264pp., b/w & colour illus., paperback, Reprint, University of Chicago Press, Chicago, (2021) 2022
ISBN: 9780226823867
A collection of essays by Teju Cole on what it means to be human, what it means to bear witness, and "the wisdom latent in the dark".
Includes the Randy L. and Melvin R. Berlin Family Lectures, which Cole delivered at the University of Chicago in 2019. "Under the title, 'Coming to Our Senses', they are published here for the first time, in slightly modified form."

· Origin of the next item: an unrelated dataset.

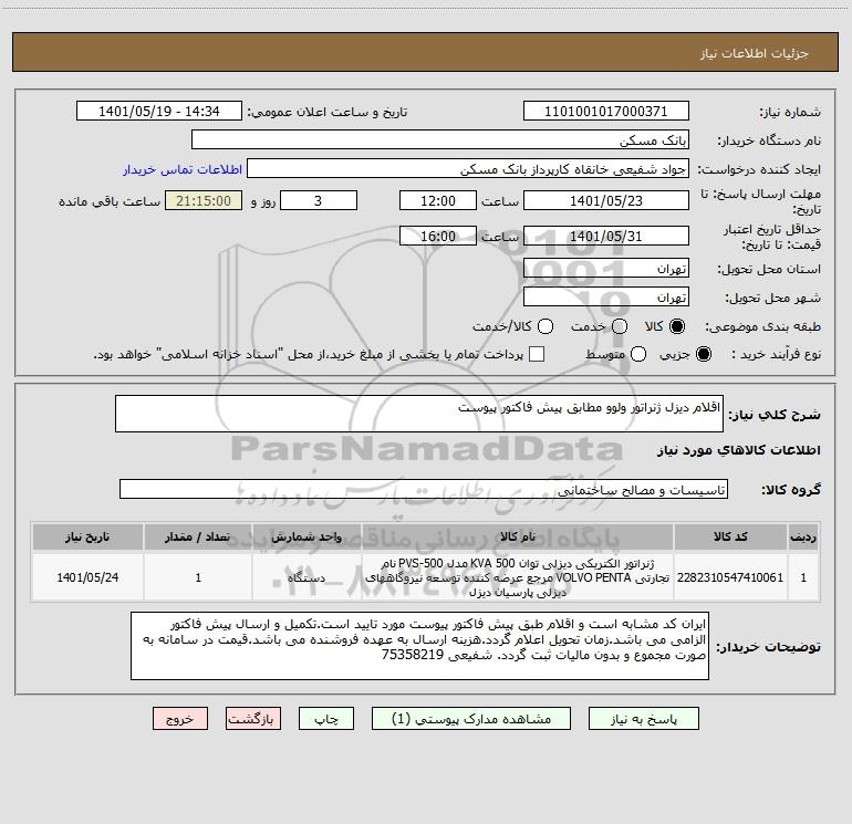 شرح کلی نیاز: اقلام دیزل ژنراتور ولوو مطابق پیش فاکتور پیوست

"What we see is an individual taking stock of their surroundings, a mode that Cole has mastered. To read this book is to enjoy the generosity of his thought, to be invited into a contemplation of your inner life, to embrace the complexity of others, and to see in the darkness not only despair but also understanding and even refuge. Simukai Chigudu, The Guardian
“Black Paper is not simply a collection. There is an identifiable through-line which brings these multiple essays together into a unified text: namely, a reckoning with aesthetic experience when one is surrounded by darkness. If impaired vision is the issue in his earlier Blind Spot, total loss of sight is what is at stake here. Can we become comfortable seeing in the dark, or even seeing darkness and welcoming what is there to be found? ... Through the artful vehicle of his precise prose, Cole has arrested us. He has made us stop, ponder, and pay attention.” Los Angeles Review of Books
Teju Cole is a novelist, photographer, critic, curator, and the author of seven books, including Open City, Blind Spot, and Golden Apple of the Sun. He was the photography critic of the New York Times Magazine from 2015 until 2019. A 2018 Guggenheim Fellow, he is currently the Gore Vidal Professor of the Practice of Creative Writing at Harvard.